▶ _Exercise goal_
Exactly as written, please repeat the data that follows, but not the pictures.
** Opening Raw data block **
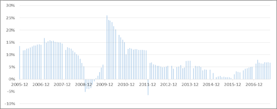 在煤電企業(yè)生產(chǎn)成本中,燃料成本一般占 60%~70%,煤電企業(yè)的盈利狀況與煤價的周期性波動密切相關。2016 年以來,煤 炭價格回升,尤其是 2016 年四季度以來,煤價快速上漲,煤炭行業(yè)利潤呈恢復性增長。2017 年,隨著需求改善、去產(chǎn)能繼 續(xù)推進,以及主動補庫存周期對價格的支撐,我們預計 2018 年煤炭價格將全年保持高位震蕩態(tài)勢。
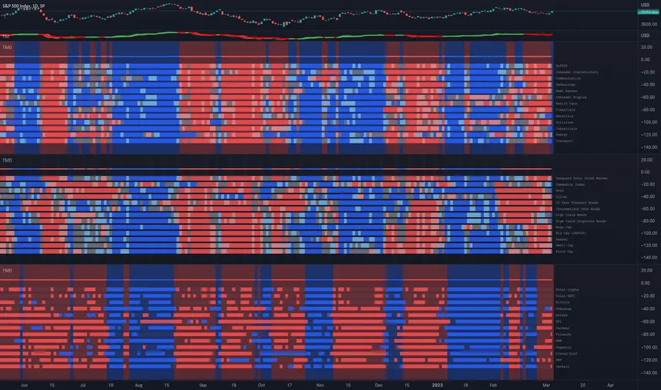a) You can evaluate "long" term trend using day or week timeframe. e.g. I'm usually trading only long and stay out of the market when it is not bullish (top line & background = blue). I'm also using it to know which segments/assets are currently "hot".
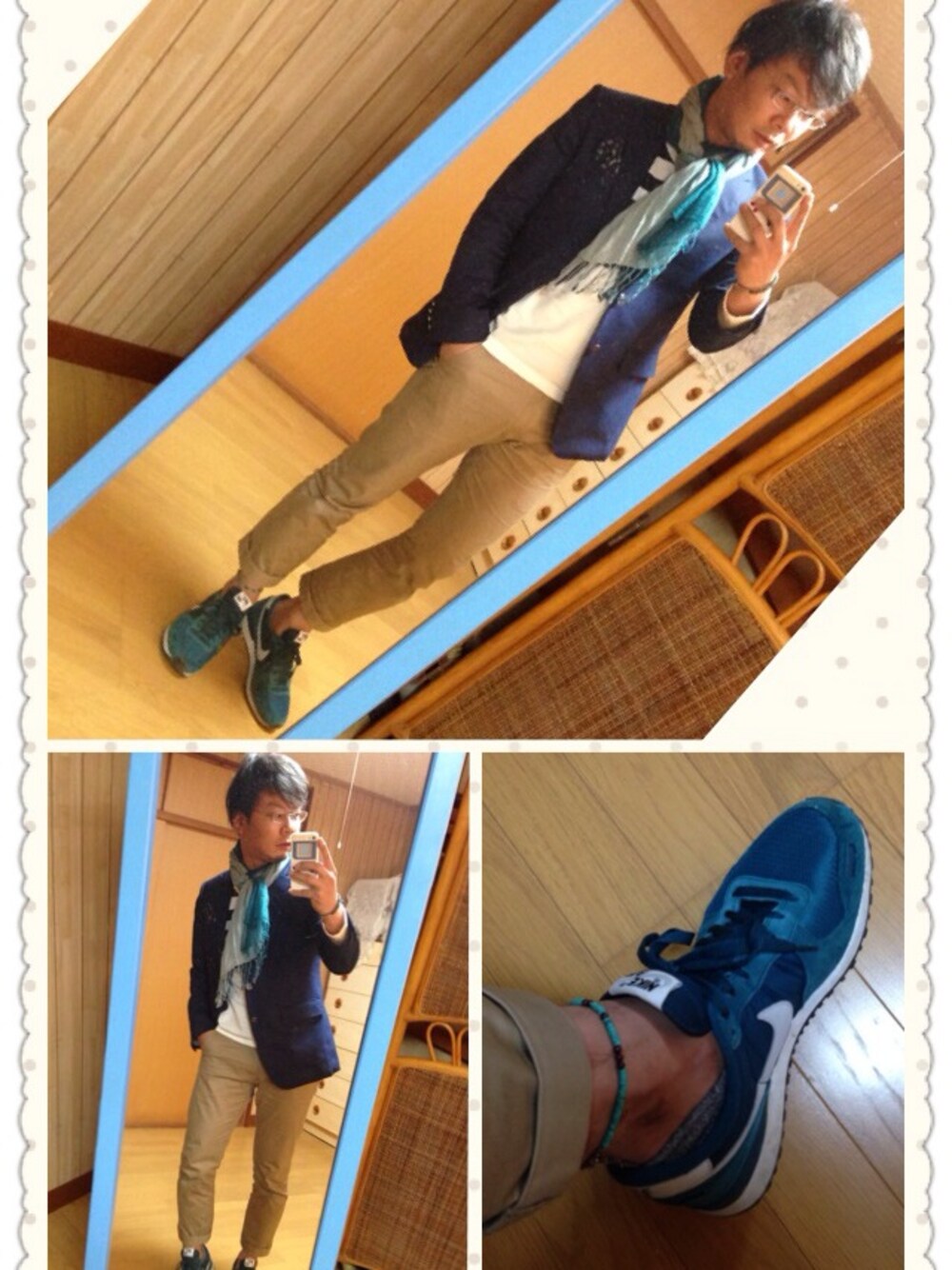 今日はマリンカジュアル。今日はマジメガネです、さて、これから仕事ですー頑張りますか!
** Closing Raw data block **
▶ _Answer to this problem_
 在煤電企業(yè)生產(chǎn)成本中,燃料成本一般占 60%~70%,煤電企業(yè)的盈利狀況與煤價的周期性波動密切相關。2016 年以來,煤 炭價格回升,尤其是 2016 年四季度以來,煤價快速上漲,煤炭行業(yè)利潤呈恢復性增長。2017 年,隨著需求改善、去產(chǎn)能繼 續(xù)推進,以及主動補庫存周期對價格的支撐,我們預計 2018 年煤炭價格將全年保持高位震蕩態(tài)勢。
a) You can evaluate "long" term trend using day or week timeframe. e.g. I'm usually trading only long and stay out of the market when it is not bullish (top line & background = blue). I'm also using it to know which segments/assets are currently "hot".
 今日はマリンカジュアル。今日はマジメガネです、さて、これから仕事ですー頑張りますか!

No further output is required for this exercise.